十話 我、面倒ごとに巻き込まれる
ネタ!!!
頂戴!!
by( ˊ̱˂˃ˋ̱ )なめこ
んっんっ…プハー!!!
生き返る!!
思ったより湖が近くにあって助かった。鴉モドキは不味いから二度と食べないと心に誓う。
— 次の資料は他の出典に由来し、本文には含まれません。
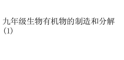 九年级生物有机物的制造和分解(1)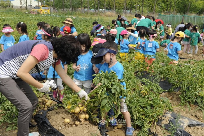 최근 경기 안산시 단원구가 구청 뒤편 유휴지에서 실시한 ‘단원뜰 생태농원 감자캐기 체험학습장’에 참가한 아이들이 즐겁게 감자를 수확하고 있다.(사진제공=단원구청)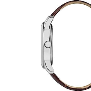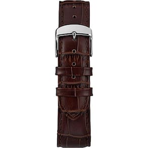 Atemporal e sofisticado, este relógio é ótimo para o uso diário e possui uma caixa prateada, mostrador azul e pulseira de couro marrom com padrão de crocodilo.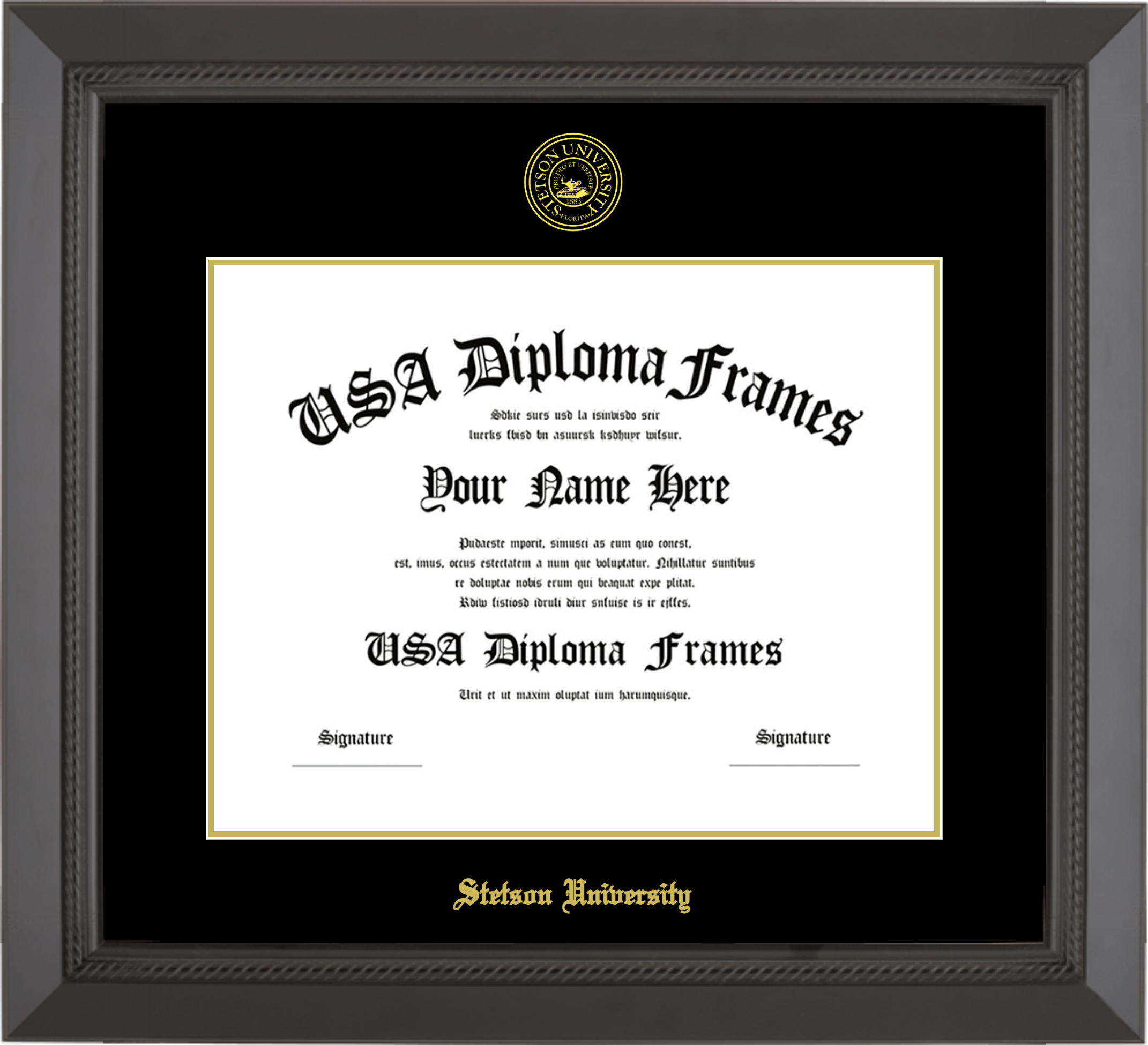 Stetson University Diploma Frame – Black Rope – Black and Gold Mat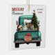 Un pick-up bleu turquoise porte un arbre de Noël décoré et des colis cadeaux sur ce joli ornement de Noël en verre. En regardant de la porte arrière est un beau chien dalmate. Un panneau en bois rustique sur le pare-chocs arrière dit "Cheer de Noël". Le texte stylisé rouge et vert en haut à gauche dit "MERRY CHRISTMAS", avec votre nom (ou celui de votre chien) et l'année à droite. Les deux camps ont la même image.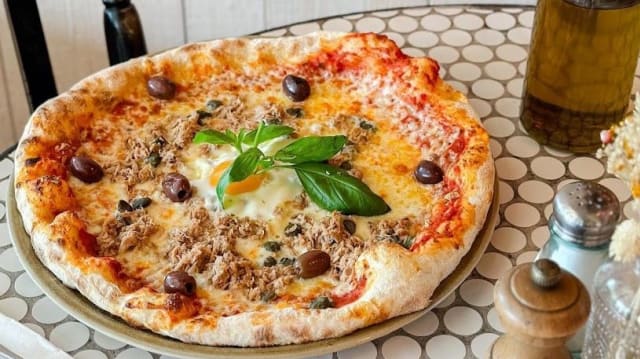 Crème de pesto vert, mozzarella, poulet crispy, champignons, chèvre, olives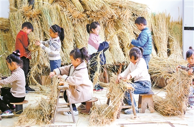 近日,江蘇如皋經(jīng)濟(jì)技術(shù)開(kāi)發(fā)區(qū)實(shí)驗(yàn)幼兒園的小朋友在學(xué)習(xí)編草簾。大雪節(jié)氣剛過(guò),該園開(kāi)展知民俗,弘揚(yáng)傳統(tǒng)文化活動(dòng),教師帶領(lǐng)小朋友走進(jìn)田野,學(xué)習(xí)用秸稈編織草繩、草簾,用于包裹過(guò)冬果樹(shù)。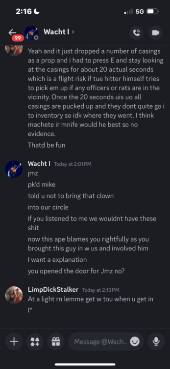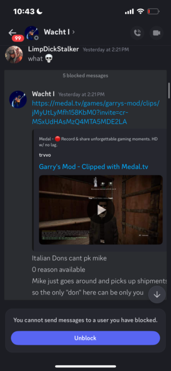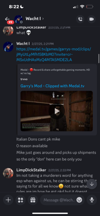 This is no proof of anything this is your hearsay and scrambling to avoid your and your lil rag tag groups metagame as thats the literal only way such an inactive faction would survive. The point being in the time stamp when wacht approached me OOCly w mikes death directly after his death means that an individual IC went and told this OOC individual who had not even been online in weeks but to hop in After hearing ooc someone got hit. Very clear, not hard to understand. Youre scrambling for a bullshit excise which isnt plausible as you have no actual proof of anything of your claims. We have legitimate proof of conversation regarding the death as well as the clip that was shared from the death from the eyes of the dead man which was sent ooc to another individual which lead to IC roleplay events. If its too advanced to get through that thick skull just go back to peeling potatos. Here is a screenshot of a clip sent to me minutes after this man was killed, when. Nobody was around the event to have knowledge, which was sent to me by a third party in which the video was shared, oocly. Which was also sent to me oocly which lead to ICly events. W details and everything on a dead mans death. How exactly did this man get details on a mans death when he wasnt even logging in on his character in the city? Since you have so many explanations, lets hear what you have for this one. Here is the link in reference, sent directly from a dead mans eyes from death to an ooc don to an ooc underboss in private dms, not on IC company pager (even then the dead mans final 15minutes are inadmissible for your readons) https://medal.tv/games/garrys-mod/clips/jMyUtLyMfh158KbM0?invite=cr-MSxUdHAsMzQ4MTA5MDE2LA how much of this is also not metad in your twisted perspective?

さて、周りはすっかり真っ暗だ。俺も何だか眠くなってきた。色々あったもんな…
幸いにもチート級に強い力を持ってるわけだから襲われてピンチ!!みたいな状況にはそう簡単には陥らないだろう。
…あぁ…でも、興奮して眠れないな。修学旅行の前日みたいだ。
これは寝付くのは難しいかもな…もしかしたら眠れないかもしれない。
…
……
………
ガァ…ガァ…ガァァアアア!!…
目が覚めた。
空を見上げる。雲一つない綺麗な青空が広がっている。うん、本日は晴天なり!
周りを見渡す。一つの乱れもない騎士団みたいな人達が俺を囲っている。うん、四面楚歌!
うん、うん、うん…ふざけんなよ?
何で青空見た後に騎士団を見なきゃいけないの?
しかも、何であんな殺気立ってんの?
ん?なんか少し偉そうな騎士が集団の中から出てきた。
「人間の言葉が分かるか?この化物!分かるんだったら大人しく狩られろ!!せめてもの情けに苦痛なく殺してやる!」
偉そうな騎士は得意げにそれを言うと俺を見てくる。
えーと…こいつだけ殺っていいかな?
無性に殺意が湧いた。
…
一瞬本気であのウザさ満載の騎士を殺すか迷った。
だけど駄目だ!俺だって一応は元人間だ!人殺しはさすがに駄目だ!!
「知能もないのか?この図体だけの木偶の坊は?」
ふんぬぅーーー!!!!
飛びかかるのをすんでのところで止める。
えーと?何だ?こいつは人を怒らせる天才かな?だったら是非とも騎士などでは無く、それが生かせる方面に進むことをお勧めする。
「ひっ!ひぃ!!」
騎士達の間で動揺が走る。飛びかかるのを止めるのを悩んでいる姿が怖いらしい。
あれ?まさかこの世界の人間ってめっちゃ弱い部類か?この程度でビビるって…
これって…うん、試してみよう。
…特技!クライ!!
『ウォォオオオオン!!!』
うっは…面白いように騎士達が倒れていく。
この隙を逃すわけにはいかない。
俺はムカつく騎士の顔を踏み台にして森へと走っていった。